I'm just going to scroll down here. I've got a section here on lookup tables and quasi-steady simulation. And with this, what I'm doing is I'm using the PV array to generate steady state data points, which I then use as a lookup table. I'm not going to run these simulations here in the interest of time, but all the information is here. You can run these at your leisure.
But with quasi-steady, what we ultimately do is we open up the opportunity to step very large time steps. And ultimately, stepping at one-hour time steps over a one-year period, and that's the final model we arrive at. That's where I've used lookup tables. I've used frequency and time simulation, and I'm stepping up one-hour time steps. So I can look at our solar profile over a one year period and how much power is produced. So very different types of models, but we can architect the fidelity appropriately depending on what the engineering question is that we want to answer.
Let's move to the next section, the microgrid section. So just run start up. Now, I'm only going to focus on some of these sections, but if you go into each section, you will find our MATLAB live script to give more information.
I've included impedance match, because impedance matching is actually what maximum power point tracking does. So I have a simple example of impedance match to set the scene for maximum power point tracking. But what I want to show you here is actually how we can confirm that we're seeing the operation we expect. So into section 2, the solar-- I'll just initialize.
And I'm going-- actually, let me bring up the MLX file-- MATLAB live script. I'll just run it from here-- run section. There's a couple of points I want to make here, which are a little bit different from what we've already seen with-- we saw with the PV array. So architecturally, it's still very similar. We have our solar panel driven by irradiance.
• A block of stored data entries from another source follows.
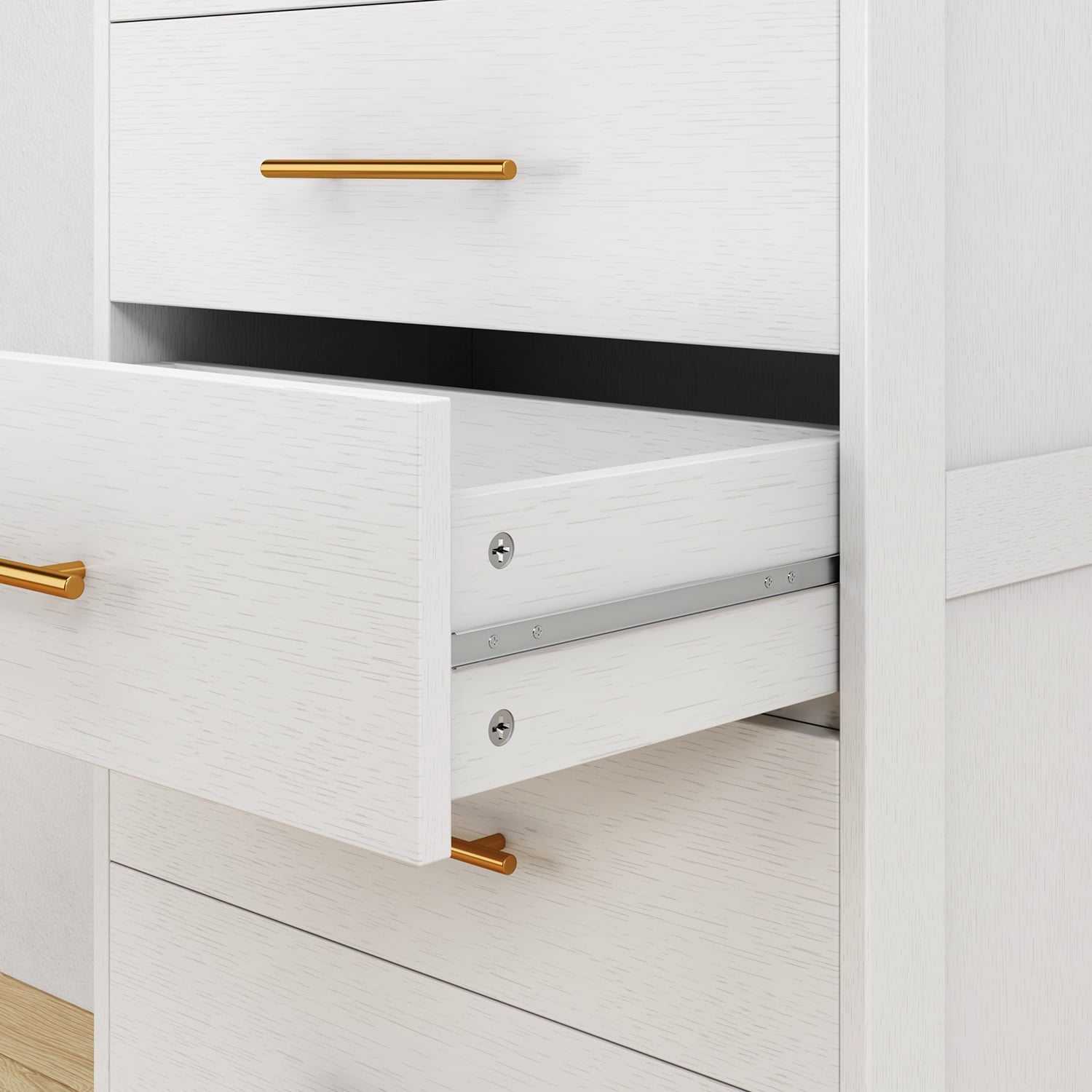 ⛄【Simple & Stylish Look】This clean white cabinet features a chic gold-tone metal handle – minimalist yet eye-catching.
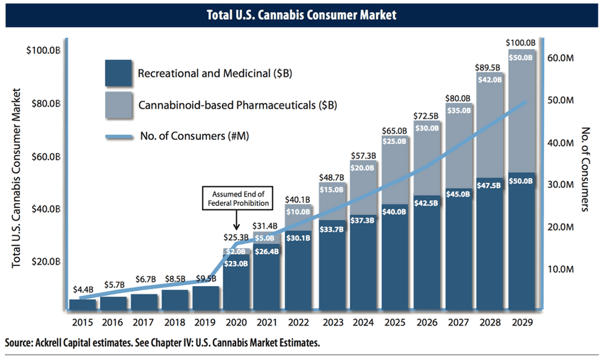 Using these two sectors for comparison, the first question is just how big is the Cannabis/Alt marketplace compared to similar types of markets? The Cannabis sector currently makes up about 1/10th of the total US Alcoholic beverage annual sales ($25.3B Cannabis: $252.82B Alcohol – https://www.statista.com/topics/1709/alcoholic-beverages/). From a conservative standpoint, Cannabis consumers very likely cross-over into the Alcoholic beverage consumer market on a fairly high basis. This means the consumer market for Cannabis is very likely 60% to 75%, or more, of the Alcoholic-beverage market.
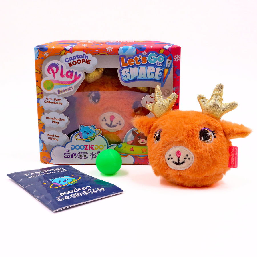 Let kids embark on an out-of-this-world adventure with Scoobies "Furry Tales Let's Go to Space Study Buddies" set! This engaging pack includes an adorable animal character plush toy, a fascinating 3D planet model, and a playful passport for intergalactic exploration.
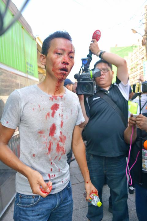 With a bloody face, a wound on his forehead and blood-stained clothing, Liang Po-chou (梁伯洲) told reporters at the square in front of the temple that he was assaulted by five or six people using steel blowpipes.
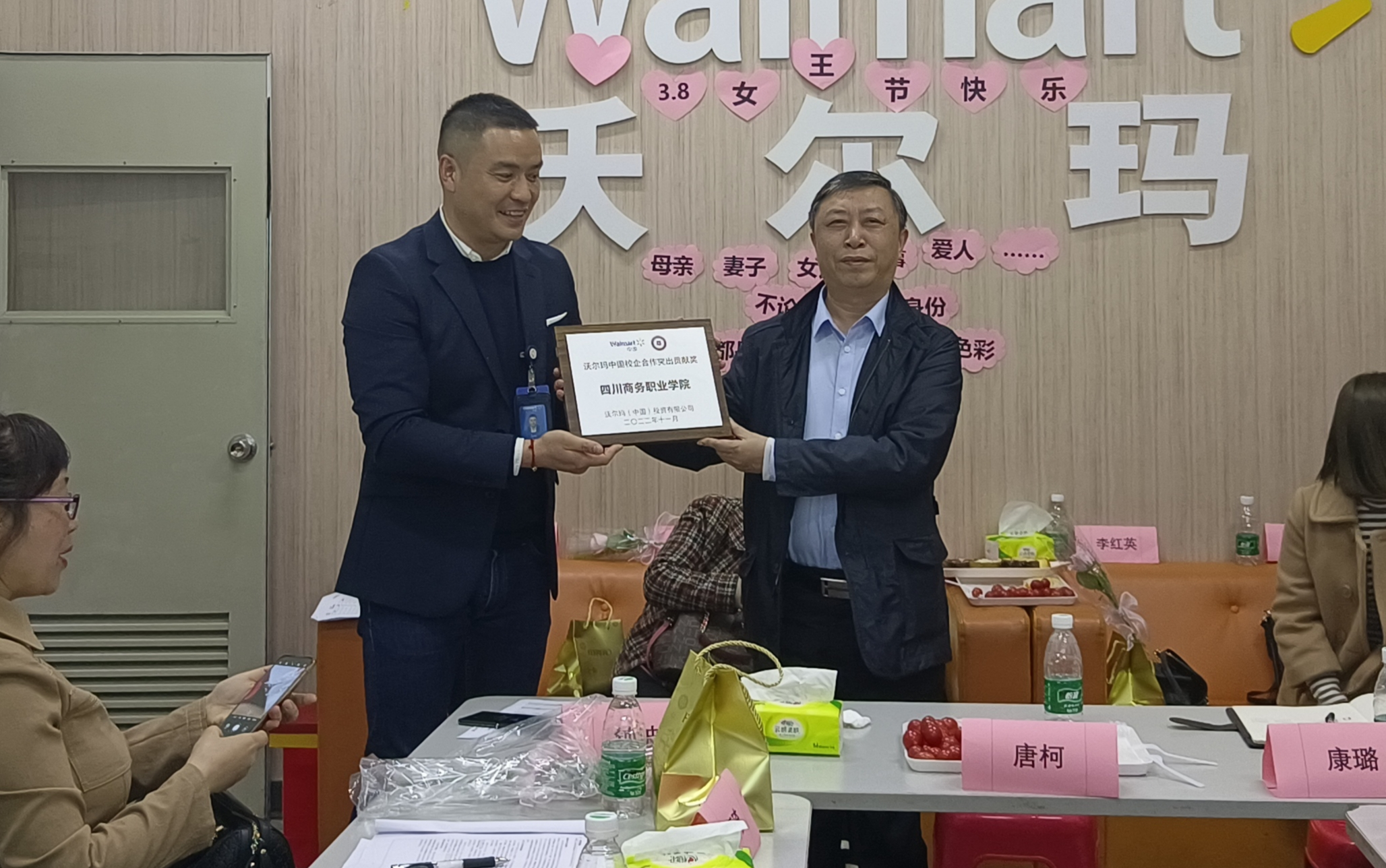 座谈会上,沃尔玛华西区区域人力资源经理钟波首先对今年会一行人员表示热烈欢迎,介绍了公司的基本情况、运行现状以及2023年的招聘计划,对今年会实习学生的综合表现进行了肯定性反馈,并向学院颁发了“沃尔玛中国校企合作突出贡献奖”牌匾,经营管理系连锁经营管理专业负责人刘刚老师荣获“沃尔玛中国校企合作优秀教师”称号。

We have maximum power point tracking. We have our average value buck / boost converter, which we've already seeing when we were looking at the millisecond resolution, but I'm now converting DC to AC. And what I've done is I've put together an ideal DC/AC converter, where I'm transferring the energy appropriately between the DC and the AC side, but I'm not doing parallel tronic switching, and I'm also not doing specific feedback control on the power transfer. I've set it up to be functionally capable of transferring that power.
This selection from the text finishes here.